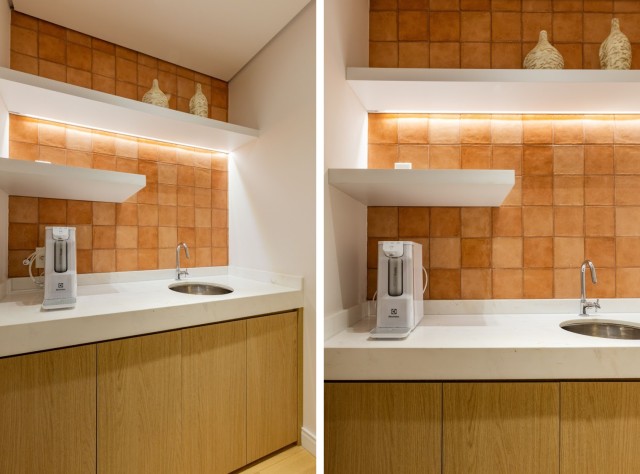 Nesta copa, as arquitetas do escritório Freijó Arquitetura optaram por instalar o backsplash (Roca Cerámica) da rodabanca até o teto, mantendo a unidade visual do projeto | Fotos: Mariana Camargo |
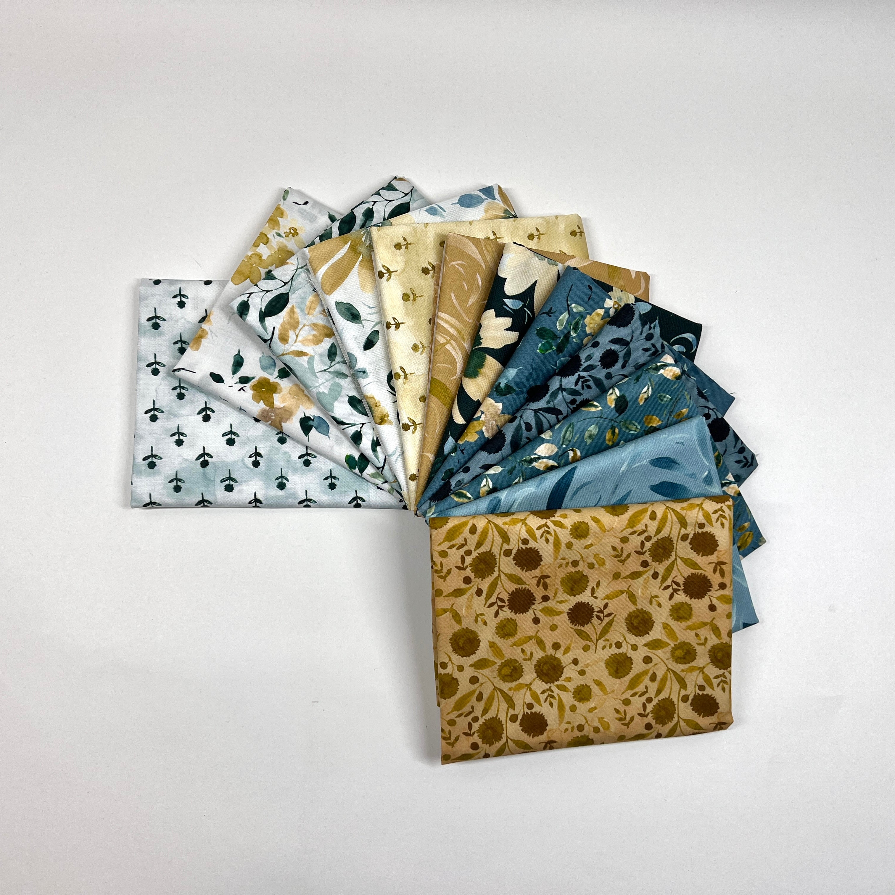 Bring warmth, elegance, and a touch of nature into your next project with the Golden Hour collection by Stephanie Ryan. This curated 12-piece fat quarter bundle features a beautiful balance of soft florals, leafy prints, and subtle textures in a harmonious palette of golden honey, deep teal, soft blue, ivory, and forest green.
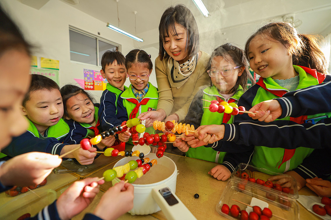 2月7日,山东省荣成市蜊江小学的师生在教室内制作糖葫芦。
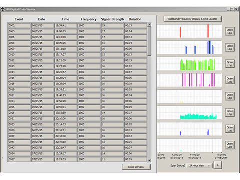 事件日志功能可記錄多達4000條事件的時間/日期,所監測頻帶,持續時間和信號強度。日志可在屏幕上查看,或存儲在U盤中用于在電腦上存儲/查看。

WORK INSTRUCTION
Pictures excluded, write out exactly and only the lines of the material from the one containing "Bring warmth, elegance, and" up to and including the last line.

YOUR RESPONSE
 Bring warmth, elegance, and a touch of nature into your next project with the Golden Hour collection by Stephanie Ryan. This curated 12-piece fat quarter bundle features a beautiful balance of soft florals, leafy prints, and subtle textures in a harmonious palette of golden honey, deep teal, soft blue, ivory, and forest green.
 2月7日,山东省荣成市蜊江小学的师生在教室内制作糖葫芦。
 事件日志功能可記錄多達4000條事件的時間/日期,所監測頻帶,持續時間和信號強度。日志可在屏幕上查看,或存儲在U盤中用于在電腦上存儲/查看。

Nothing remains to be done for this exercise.